We need to do something.


----------



## shootbrownelk (Jul 9, 2014)

We need to pass some "Common Sense" gun laws so something like this never happens again.....Oh Yeah...Right...this was tried before with no success! Muhammad Youssef Abdulazeez (there's a mouthful!) knew that the soldiers were in a "Gun-Free Zone" and could fire away. I agree that our military should be armed 24/7. The Police are...why not our servicemen?


----------



## ekim (Dec 28, 2012)

James m said:


> We need to do something.


A good start would be to get that anti American mooslim out of our WH and elect some congress people that care about America and Americans instead of just their own pocket books! Then seal the borders and allow all Americans that want to carry /own guns to protect themselves to do so, with out all the BS fees and stupid gun laws.


----------



## darsk20 (Jun 1, 2015)

Holy crud, just found out that ISIS sob live way to close to me. Time to move to the country.


----------



## Prepared One (Nov 5, 2014)

This guy was a coward, plain and simple. And his god is a coward, a god that sanctions killing unarmed men and then calls it holy and honorable. Cowards one and all!


----------



## tango (Apr 12, 2013)

Hey, just Muslimes at work--


----------



## Titan6 (May 19, 2013)

The cowards are here and this will continue this is just the beginning. Just goes to show you we free their country and they kill our soldiers. Remember what desert storm was about! Glad his parents raised him to appreciate the United States. Like Ive always said never trust a Muslim! Just my humble opinion and what Ive lived by through two wars.


----------



## tango (Apr 12, 2013)

Yeah, and he had an "automatic weapon"


----------



## Titan6 (May 19, 2013)

tango said:


> Yeah, and he had an "automatic weapon"


The sad thing is most of us here have the fire power to stop an attack like if it happened on our property but a military base in the US was defenseless. I was also alittle taken back on how at ease and oh well attitude our commander in chief seemed to have. Was kinda shocked he didn't start his anti gun shit again.


----------



## Urinal Cake (Oct 19, 2013)

Guns don't kill people.... Muzzies Kill people!
Is it time to play Cowboys and Muslims yet?
Forget jihad how bout we declare Crusades


----------



## alterego (Jan 27, 2013)

Soft talk?
Arming their enemy?
Financial assistance?
Open arms?
non discrimination?
religious freedom and integration?
Peace talks?
Treaties?
Trade deals?
assimilation of a muslim for president

None of these items of my incomplete list has worked to passify the Islamic fanatics.
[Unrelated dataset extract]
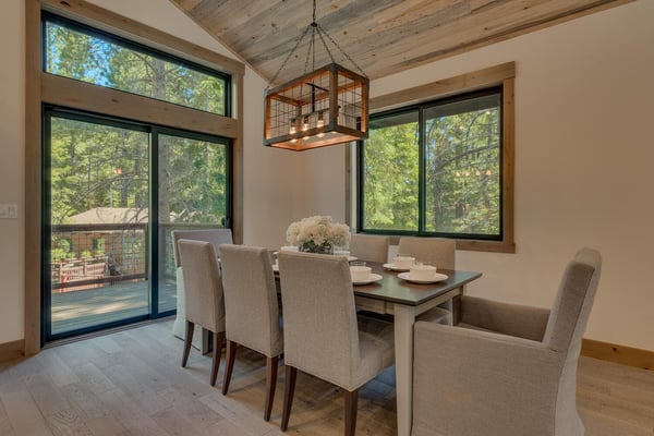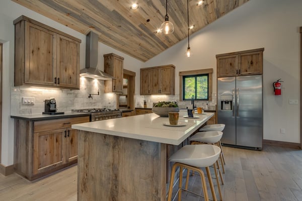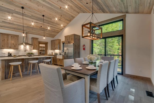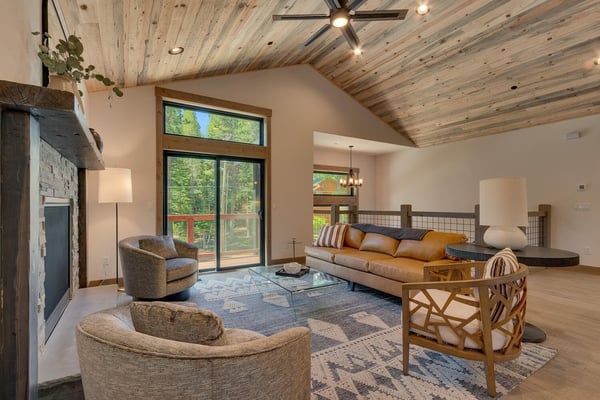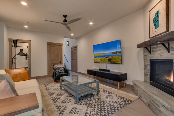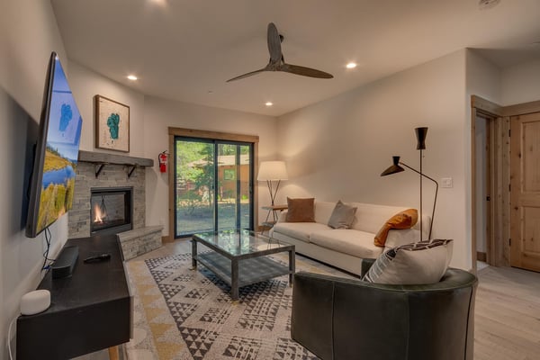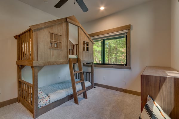 Once inside the home, you'll find the living area with a comfy sofa and a stone-clad gas fireplace perfect for quality time and family activities. A newly installed flat-panel television can be found mounted to the left. Adjacent to the living area is the kitchen and dining area with stylish wooden cabinets, stainless steel appliances, and a large kitchen island which the chef of the family will surely enjoy. Step outside the sliding doors and enjoy the cool breeze and when you’re ready to call it a night, you’ll have four bedrooms to choose from. Two of which are located on the second level including a primary suite with a king-size bed, a bathroom with a dual sink, a soaker tub, a glass-enclosed shower, and a walk-in closet. Two more bedrooms can be found on the lower level of the house and one has a fun bunk bed for the little ones. A roomy family room is also at this level with a flat-screen TV and fireplace.

We are going to have to kill them.


----------



## Smitty901 (Nov 16, 2012)

Sense when does Obama care about a few dead Marines? He is likely having a beer and snort of coke in honor of his ISIS partners victory.


----------



## spartacuspatriot (Jul 5, 2015)

Does anyone know where the stand off was between cops and muzzie?


----------



## Auntie (Oct 4, 2014)

What? Why can't active military carry a weapon? That is absurd! With the way things are now that is tantamount to putting a bulls eye on all active military personnel. Aren't they supposed to be trained on the proper way to handle a weapon? Who came up with this asinine rule? Can't they get a concealed carry permit, they are citizens of the USA.


----------



## Camel923 (Aug 13, 2014)

While this may appear to be madness this Muslim was smart enough to attack in a gun free zone. More evidence that government is the bigger problem.


----------



## ekim (Dec 28, 2012)

Most may take this wrong but you have to give credit where it's due. We don't like what these nut jobs do, but they have their reasons(if we agree or like them or not) and they act on them and most even die for their cause. We here in America myself included talk about all the bad crap that happens but what do we as a people really do about it. Piss and moan and let the government run slip shod over us and let illegals enter the country at will, law breakers live very well in prison with more perks than many have at no cost to them, convicted killers live for 20/30 years on death row on the tax payers dime, none working people live better off than many working tax paying people, watch as all our morals are write up as illegal by the government. We the people are lied to every day, fed more BS by a government that steals and kills more people than than most criminals do in 5 years, but still they are re elected and we sit back and just complain. Those that go out and actually do something get something for it, look at welfare, obamacare, food stamps. Look how wages have gone up for entery level jobs. How much has everyone's wages gone up in comparison. Young kids go to college and now the government is trying to make it legal so they don't even have to pay for it. The government knows what every American citizen seems to be doing on line, what they say on their phones, but can't catch the bad guys. But after the holidays they feds said they prevented how many so called attacks, BS. We can no longer blame the government nor the other guy, it our fault, we allow this to happen / continue by sitting back and waiting for that white knight I guess, while the black knight kicks our butt.


----------



## ekim (Dec 28, 2012)

Camel923 said:


> While this may appear to be madness this Muslim was smart enough to attack in a gun free zone. More evidence that government is the bigger problem.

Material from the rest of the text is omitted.